Action item
Leave out the pictures, and retype only the lines from the beginning of the material through the line that contains "8月6日(火) リニューアルオープン!46枚スロット増台!", including both.

-- Data segment follows --

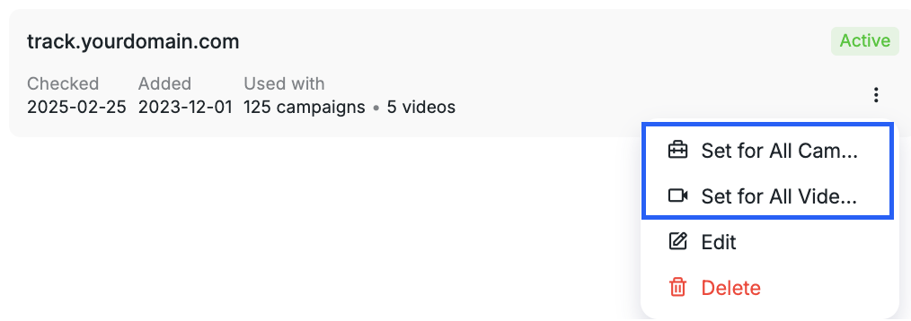 Set for All Videos: Ensures all videos are sent using the tracking domain.
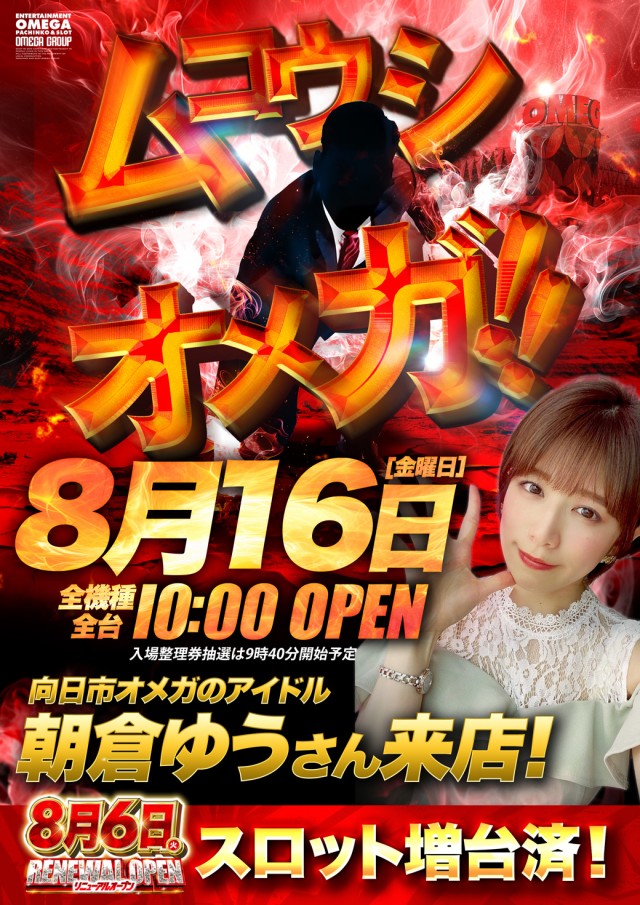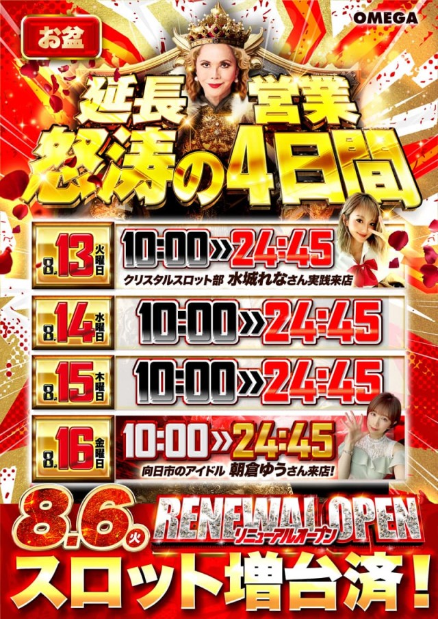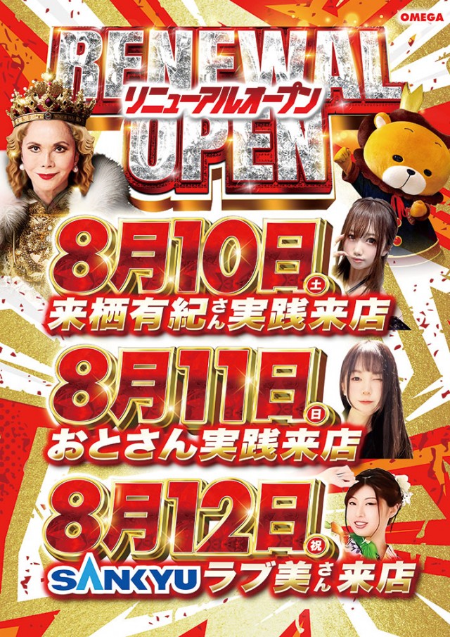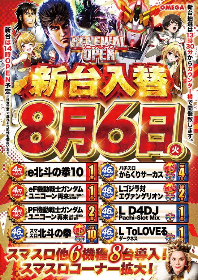 8月6日(火) リニューアルオープン!46枚スロット増台!
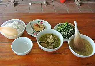 The meal almost always consists of a large helping of rice, boiled or pickle vegetables, soup, and some choices of meat.[1] Possible side dishes may include pork, beef, chicken, eggs, fish, grains, vegetables, tofu, soups, broths, etc. It is often eaten with chopsticks and a spoon.[2] As the name suggests, cơm bình dân is typically inexpensive, making it affordable for the common Vietnamese.
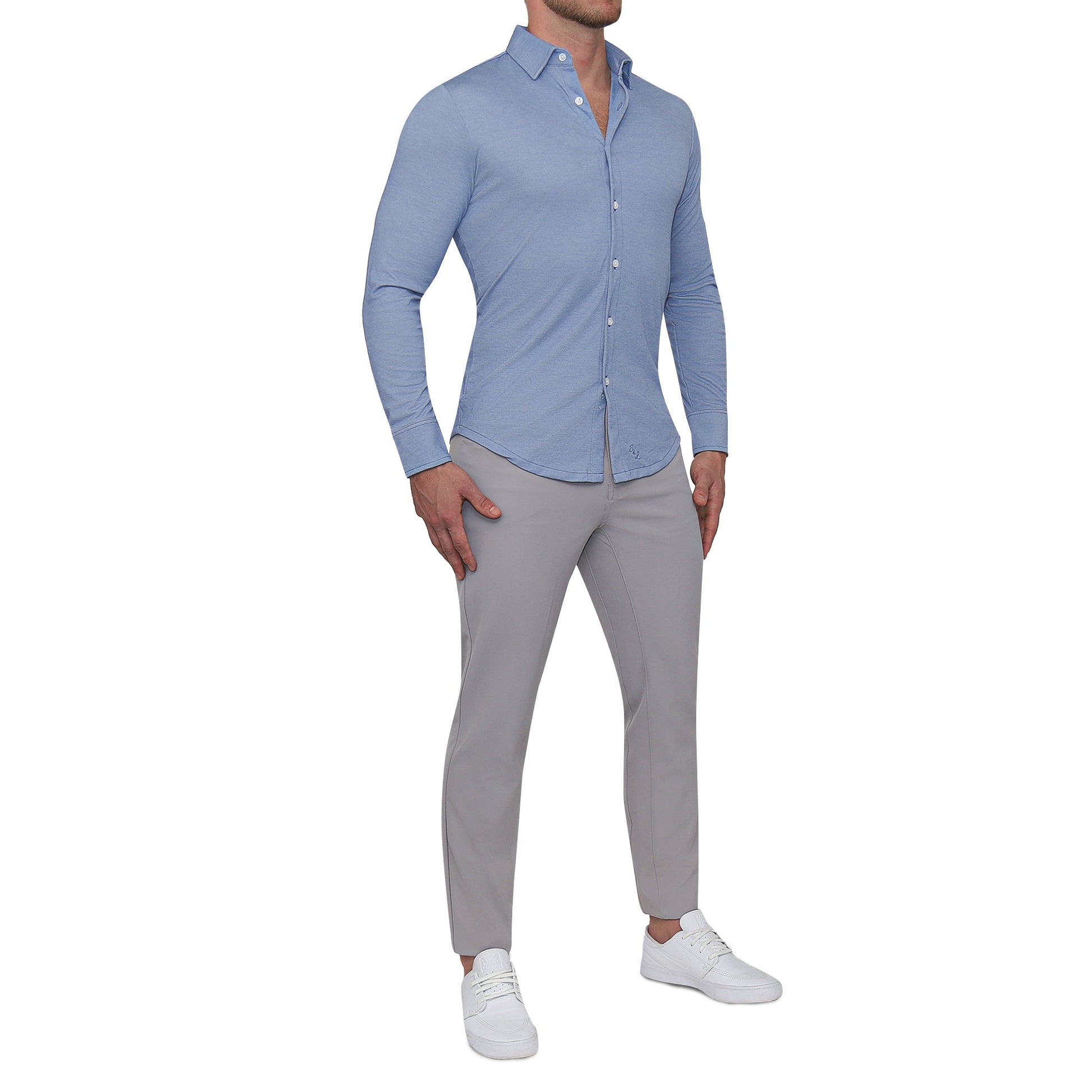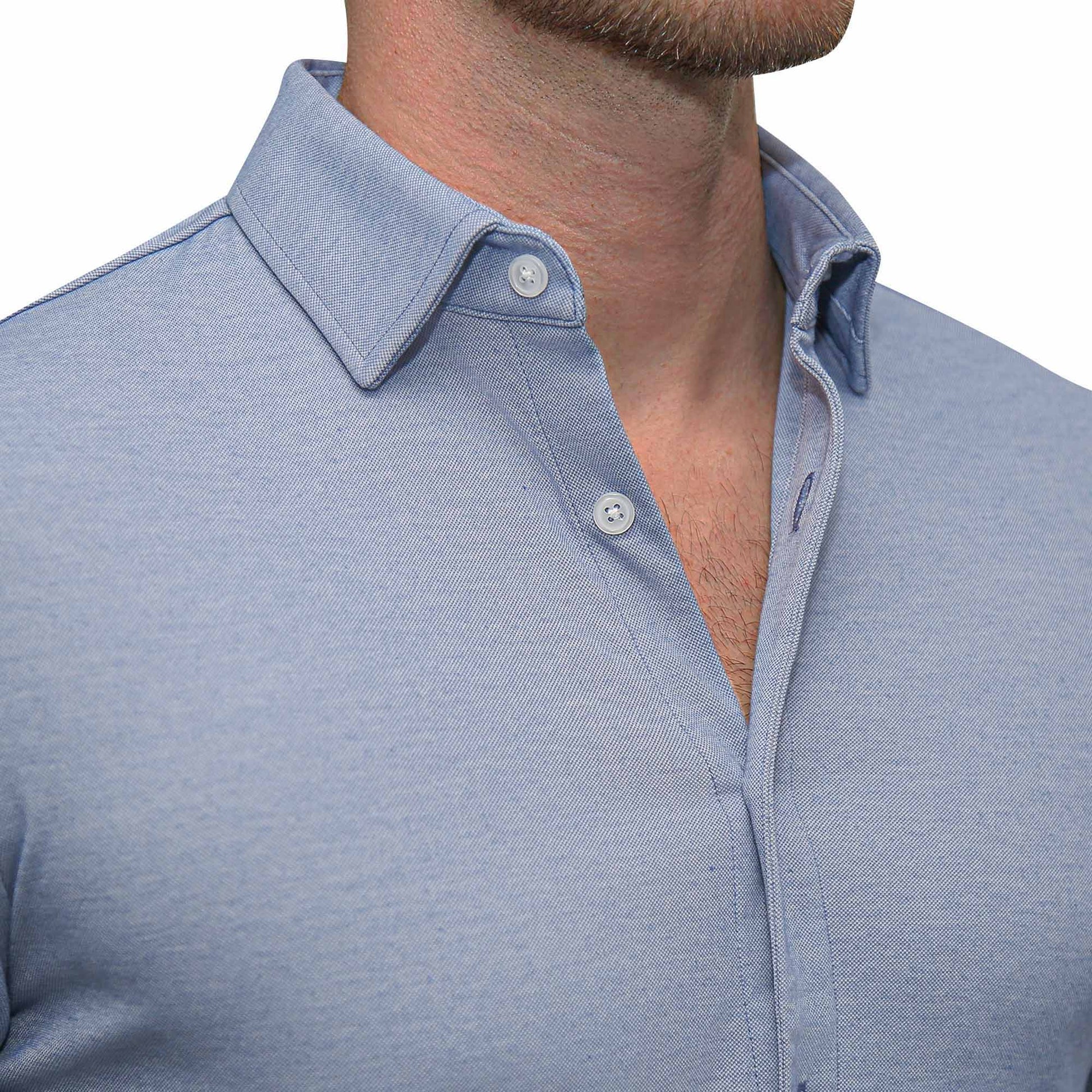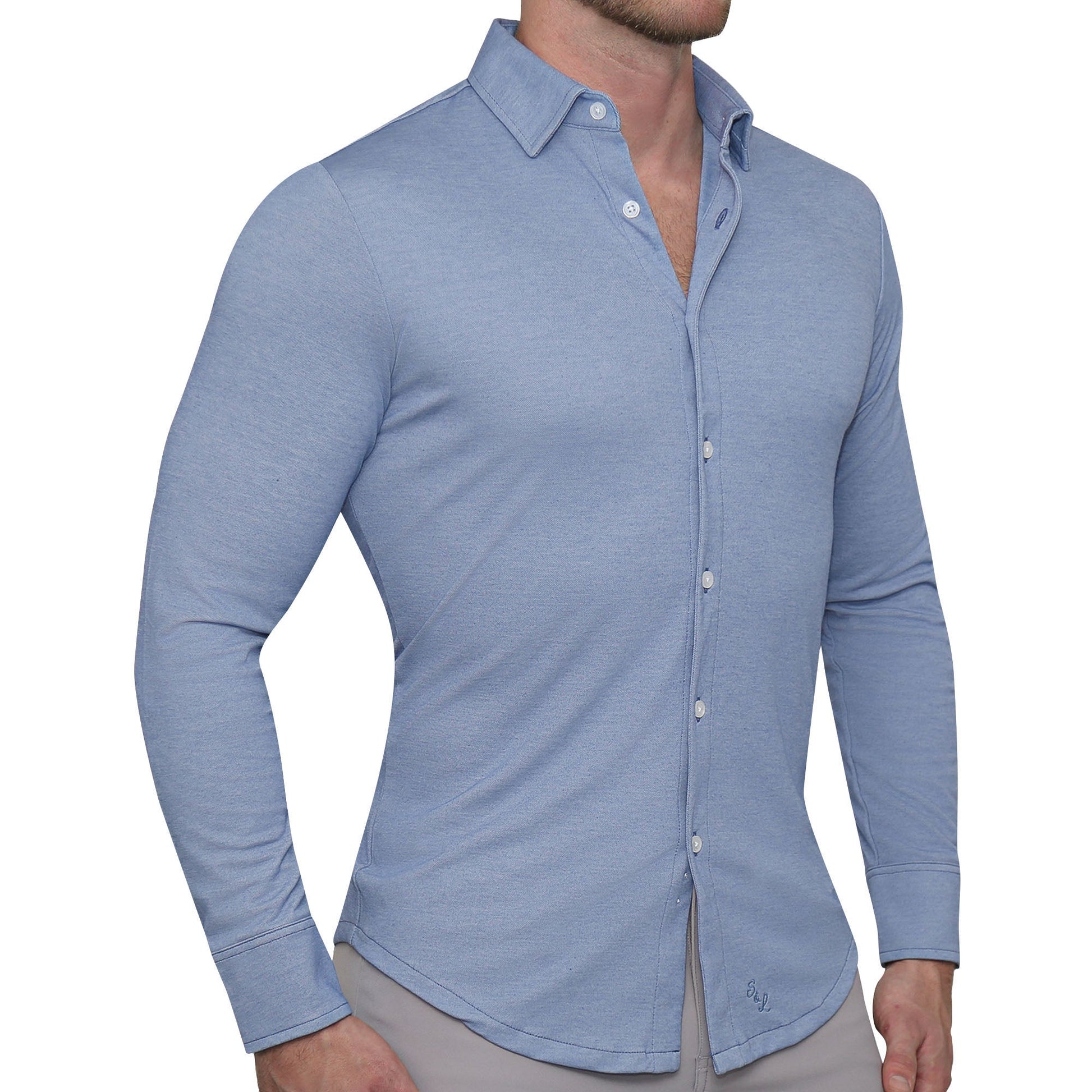 A true athletic fit casual button down crafted from our buttery soft and breathable stretch pique fabric. This button down puts a modern twist on a classic oxford style. Featuring shortened length and a curved hemline, this shirt is guaranteed to have you comfortable and sharp for both casual wear and a great night out.

-- Data segment concluded --

Response
 Set for All Videos: Ensures all videos are sent using the tracking domain.
 8月6日(火) リニューアルオープン!46枚スロット増台!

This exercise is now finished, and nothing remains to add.